The Affordable Care Act shifts health-care insurance advertising from B2B to B2C. Instead of marketing to a company or doctor, insurance companies market directly to the consumer (or at least, they should). The emphasis is on building a personal relationship, and the focus is on the upper funnel. Since the law mandates virtually identical health-care insurance offerings within each state, the only real differentiation is price and brand.
$43.6B U.S. agency revenue
The opportunity to differentiate is ripe, and digital advertising is a proven medium. The proliferation of video content around health insurance is particularly mind-boggling, given the lack of associated development of ads by many insurers.
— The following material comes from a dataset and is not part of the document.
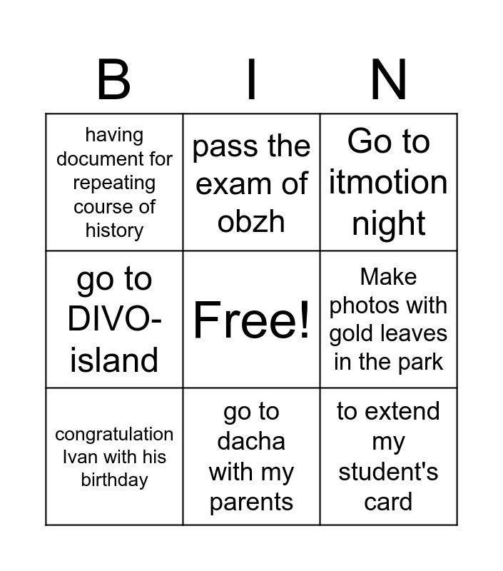 This bingo card has a free space and 8 words: Make photos with gold leaves in the park, Go to itmotion night, pass the exam of obzh, congratulation Ivan with his birthday, having document for repeating course of history, to extend my student's card, go to DIVO-island and go to dacha with my parents.

Not that there's a lack of ads, however. Companies such as Cigna and Kaiser Permanente poured about $40 million into television ads related to Obamacare between Dec. 1 and Feb. 8, according to Kantar Media. All of this means that there is a plethora of broadcast content that could be repurposed online.
Given the abundance of video content available, the strategic marketing objectives and the fact that digital is cheaper than television when it comes to reaching younger viewers, the health-care industry's media mix is surprising. The one silver lining is that Barack Obama understands how to reach millennials. That much was clear after several recent inititatives including an appearance on Zach Galifianakis' online video show "Between Two Ferns." Health insurers might be wise to follow his lead.